Direct-Current Resistivity Methods tutorial all along with the key concepts of Direct Current Resistivity Methods, Metal electrodes, Non-polarizing electrodes, Cables, Generators and transmitters, Receivers
Introduction to Bound States tutorial all along with the key concepts of Particle in an infinite potential well and the Finite Potential Well
tutorsglobe.com standard entropy assignment help-homework help by online entropy tutors
windless picture, ringing. mirror image, horizontalsync. loss, horizontal line only; sound ok, insufficient height; sound ok, vertically non linear picture; sound ok, vertical keystone effect, vertical jitter; sound ok, picture upside down; sound ok, picture rolling from top to bottom or bottom to top sound ok
Get the un-matched Electromagnetism Physics Assignment Help service from PhD experts that you need today for top grades.

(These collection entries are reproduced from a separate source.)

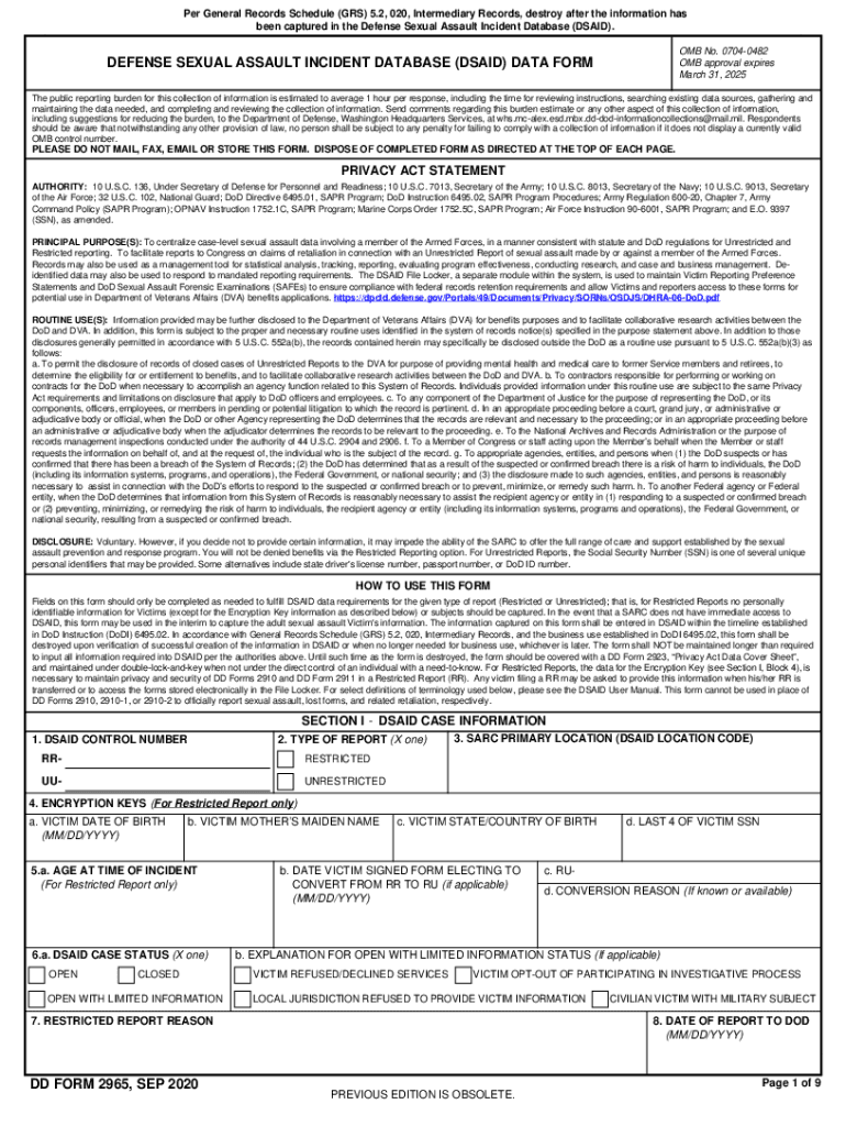To fill out a defense sexual assault incident report, one must provide detailed information about the incident, including the date, time, location, and individuals involved.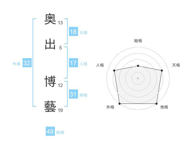 奥出 博藝さんを姓名の画数から五運を鑑定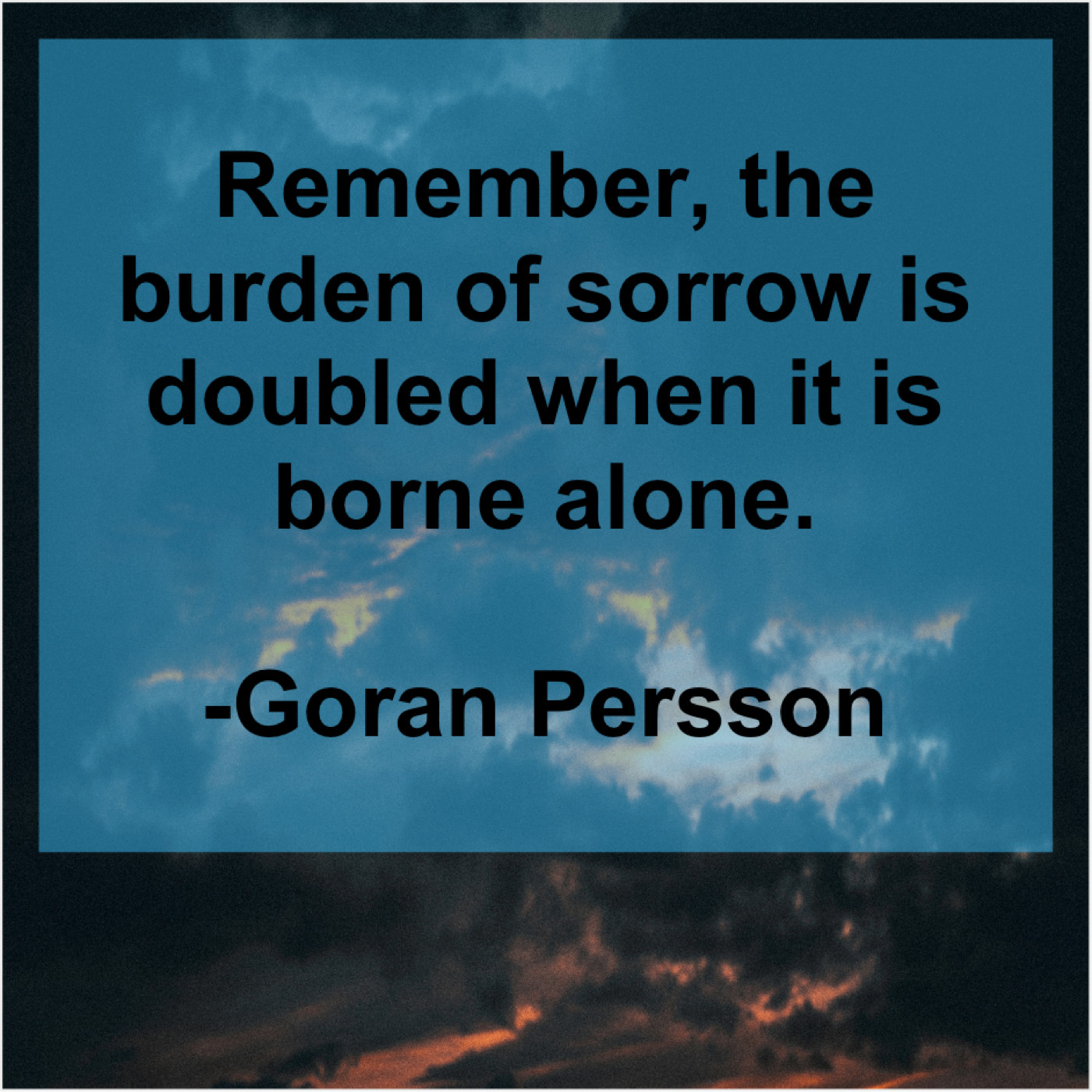 Goran Persson Goran Persson – Remember, the burden of sorrow… May 25, 2019 admin “Remember, the burden of sorrow is doubled when it is borne alone.”-Goran Persson

a satellite telephone or also termed as sat phone is a type of mobile which connects to orbiting satellites in place of terrestrial cell sites.
tutorsglobe.com scanning electron microscope assignment help-homework help by online light and electron microscope tutors
tutorsglobe.com advantages of capitalist economy assignment help-homework help by online capitalist economy tutors
1957313
Questions Asked
3689
Tutors
1468733
Questions Answered
Start Excelling in your courses, Ask an Expert and get answers for your homework and assignments!!